3.1.2. Treatment of Parkinson’s Disease

Current pharmacological interventions for Parkinson’s disease (PD) remain unsatisfactory in clinical settings. Inflammasome-mediated pyroptosis agonists or antagonists are expected to have positive effects on neurodegenerative diseases. PBzyme was discovered to be a pyroptosis inhibitor, alleviating neurodegeneration in animal and cell models of PD and protecting microglia and neurons against 1-methyl4-phenyl-1,2,3,6-tetrahydropyridine (MPTP) [48]. The experimental findings demonstrate that PBzyme might suppress microglia pyroptosis by downregulating gasdermin D (GSDMD) cracking and inflammatory factor generation. Scavenging ROS reduce the activation of microglial nucleotide-binding domain and leucine-rich repeat family pyrin domain containing 3 (NLRP3) inflammasomes and caspase-1. Although this discovery reveals a significant strategy for the use of PBNPs in the therapy of neurodegenerative disorders, the pharmacokinetics and long-term toxicity of PBzyme in vivo are currently unclear.
PD is mainly caused by mitochondrial dysfunction, which produces ROS and abnormal energy metabolism. Liu et al. synthesized a zeolite imidazole framework 8 coated with PB nanocomposite (ZIF-8@PB), which was coated with the antioxidant quercetin (QCT) [49]. In MPTP-induced mice models, ZIF-8@PB-QCT exhibited outstanding near-infrared radiation (NIR) response by activating the PI3K/Akt signaling pathway, penetrating the BBB directly to the site of injury under the guidance of the photothermal effect, and realizing intracranial drug delivery for the treatment of neurodegenerative diseases. Due to its good biocompatibility, this non-invasive strategy is promising as an intracerebral delivery route for treating neurodegenerative diseases.
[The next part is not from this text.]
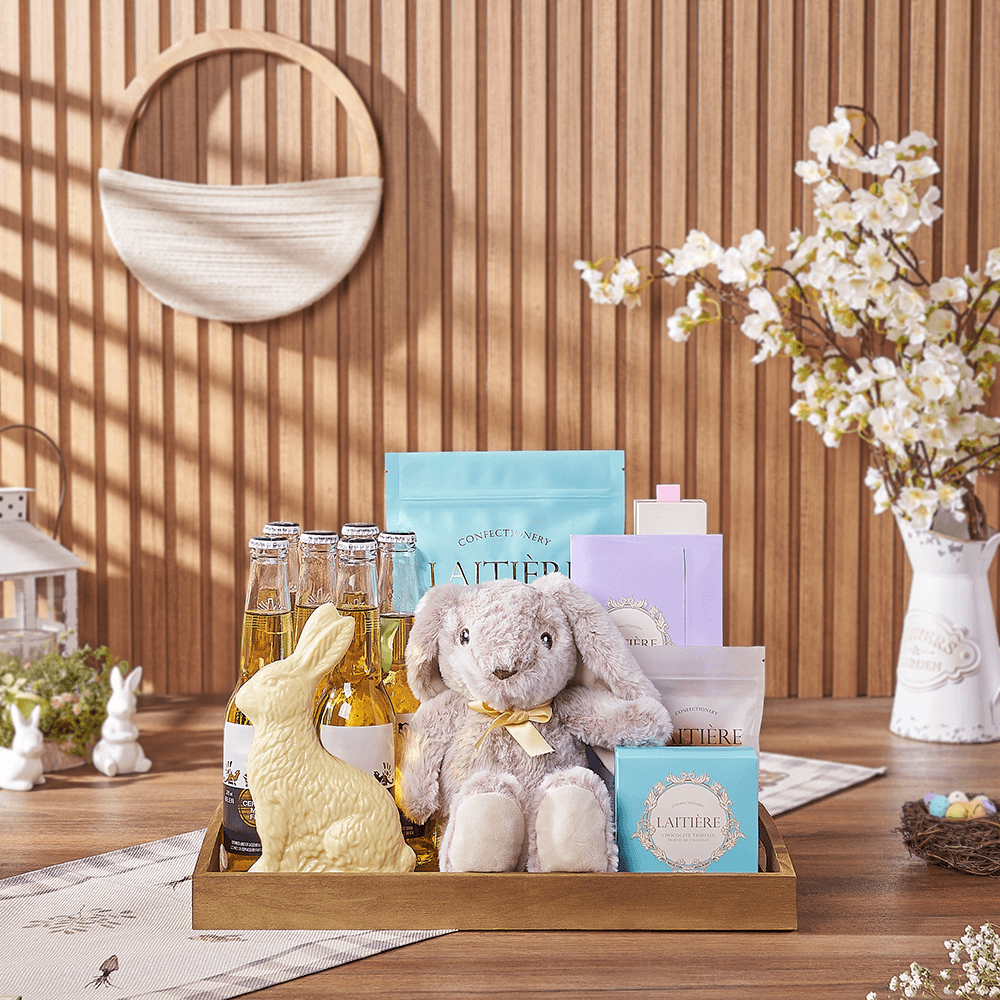 With a little something for everyone, the Festive Easter Beer & Candy Tray is a charming gift set that is sure to be a hit with loved ones near and far! This gift includes six bottles of beer, a plush bunny toy, a white chocolate bunny, white chocolate caramel popcorn, a dark chocolate bar, assorted chocolate truffles, white chocolate truffles, cherry cream ring candies, and a wooden serving tray. Of course, you may add on your choice of wine, champagne, gourmet snacks, and more from our extensive custom options.

3.1.3. Treatment of Inflammatory Bowel Disease

Inflammatory bowel disease (IBD) is an inflammatory illness in which the immune system destroys digestive system cells, and the overproduction of ROS is critical to the course of IBD and may be a potential therapeutic target. Zhao et al. created poly (vinylpyrrolidone)-modified PBNPs (PPBs) with high physiological stability and biosafety using a one-pot technique to overcome PB insolubility [41]. The produced PPBs have the capacity to remove ROS and suppress pro-inflammatory cytokines and may considerably decrease colitis in mice following intravenous delivery with no noticeable adverse effects. Prior to this 2018 study, nanomedicine based on PBNPs had not been investigated or used in the treatment of IBD. In 2019, Zhao et al., for the first time, synthesized Manganese Prussian blue nano-enzymes (MPBZs) by mixing manganese source solution with PVP and [Fe(CN)6]4− source solution with PVP through a simple hydrothermal method. The mice colitis model induced by sodium dextran sulfate (DSS) was established [50]. In mice with IBD, MPBZs with multi-enzyme activity accumulated preferentially on the mucosal surface of colitis inflammation in positively charged mice through a size/charge mediated inflammation targeting strategy. MPBZs can operate as a new generation of inflammation-targeting ROS due to their low redox potential and abundance of varying valence states of Mn2+ and Fe2+. Since elevated levels of ROS affect cell proliferation and lead to aging and apoptosis, excessive ROS accumulation at the wound site can lead to inflammation, necrosis and fibrosis scarring of skin cells, and ultimately delay the tissue repair process [12,51,52,53]. In addition, MPBZs reduce the incidence of colitis in mice by acting on the TLR signaling pathway and have fewer side effects.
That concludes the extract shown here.